# Statutory declaration or Supervisor/ HR Reference letter?? - ACS + assessments



## au2011dream (Oct 22, 2010)

Hello everyone!

Will it matter if I send a statutory declaration instead of hr/supervisor reference letter? Will it impact my chance of getting a positive assessment (systems analyst)?

For those who were granted positive skill assessment recently, what document did you submit?

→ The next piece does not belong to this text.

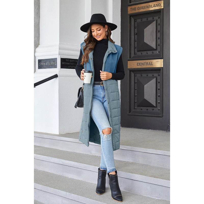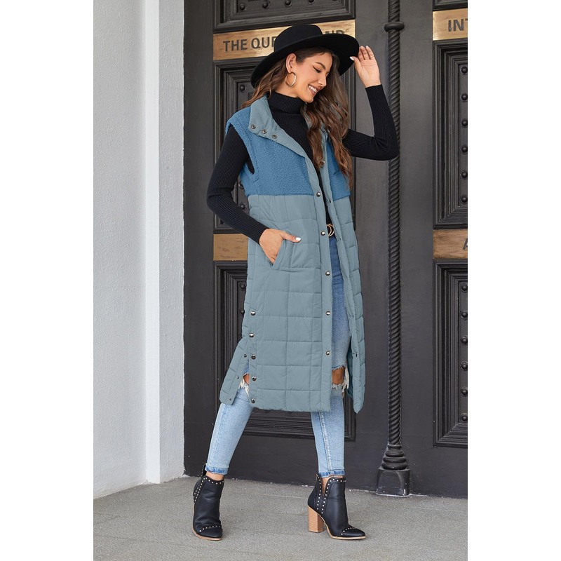 UMEKO Women's Long Puffer Vest Fleece Jacket Winter Button Down Sleeveless Coats

Any tip/suggestion is highly appreciated! Thank you in advance everyone!

Regards,
au2011dream


----------



## HIGH VOLTAGE (Dec 18, 2009)

Hi,

It is advisable to provide atleast two reference letters from the employer (On Company's Letter Head) to get satisfactory outcome. Providing Statutory Declaration is a risky one. Try to get letters from employer and from your superiors or from your collegues who are in high position when compared to you to begin the migration work.


----------



## Runner Girl (Oct 1, 2010)

Hi - thanks for the reply. I took your advice and managed to find some colleagues that fit this requirement. So er... could I ask another question? After submitting my documents, I had a response from the ACS asking me to resubmit my statuatory declaration with additional information including a colleague reference. Their email (see below) implies my colleague should provide the statutory declaration..... is this right?

"If you are unable to obtain a Reference from your employer you should submit a reference from your colleague who occupies or has occupied a higher position than you and is an expert in the area closely related to your nominated occupation, within the organisation you were employed at, on a properly signed and witnessed Statutory Declaration."


----------



## Wanderer (Jun 16, 2007)

Yes, the colleague reference needs to be in a statutory declaration format.


----------



## anik (Apr 3, 2012)

Do I need to provide reference letters from all my previous companies or just the current one will be sufficient?


----------